Two looking camera left and two looking camera right.

And when you're shooting this,

she will always be looking at whoever speaks,

or whoever she speaks to,

but then in editing they try to create the geography

in the room, so you have the king looking at the queen

and then I will use that eye line to cut

to the queen looking at the king

and then looking from the king to, for instance,

Maleficent.

She means humans.

This shot I love 'cause it's a wide shot

and you get to see some of the fantastic production design

that Patrick did.

It was a 360 set.

Huge dining hall.

We built this on the soundstage at Pinewood Studios

outside of London.

You can see the pillars built

and then the king and queen thrones in the back there.

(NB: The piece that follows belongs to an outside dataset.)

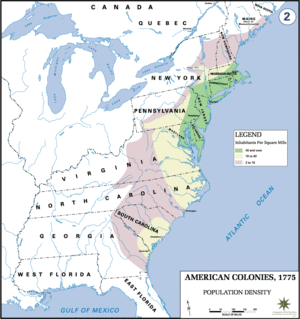 - ^ In this article, inhabitants of the thirteen colonies that supported the American Revolution are primarily referred to as "Americans", with occasional references to "Patriots", "Whigs", "Rebels" or "Revolutionaries". Colonists who supported the British in opposing the Revolution are referred to as "Loyalists" or "Tories". The geographical area of the thirteen colonies is often referred to simply as "America".

This guy, he's the etiquette expert,

like a medieval, you know, he knows how they ate

and what they ate and it was important for me

to have this overflow of food on the table,

like colorful, and the only issue of medieval times,

they didn't really have colorful food.

It was like potatoes or something like that.

It's a fantasy, fairy tale,

so it doesn't need to be absolutely real,

but it was good to have him

and also etiquette when it comes to how they would sit,

how the servants would behave, how they would put food

on it and all that stuff.

He's in several scenes in the film.

This table is actually huge, it measured almost 70 feet long

and at one point I came actually really, really close

to putting the queen and the king on each side of the table

so you had them like that and then they would be like that

and then I'd put Maleficent in the middle next to Aurora,

but it just turned out to be a shouting match basically

because they were so far away from each other.

So, I ended up putting them all at the end of the table

and then of course putting the queen next to the king

and then having her team, team Alstead on this side,

and then team Moors on that side

and then the king is kind of like the referee in the middle.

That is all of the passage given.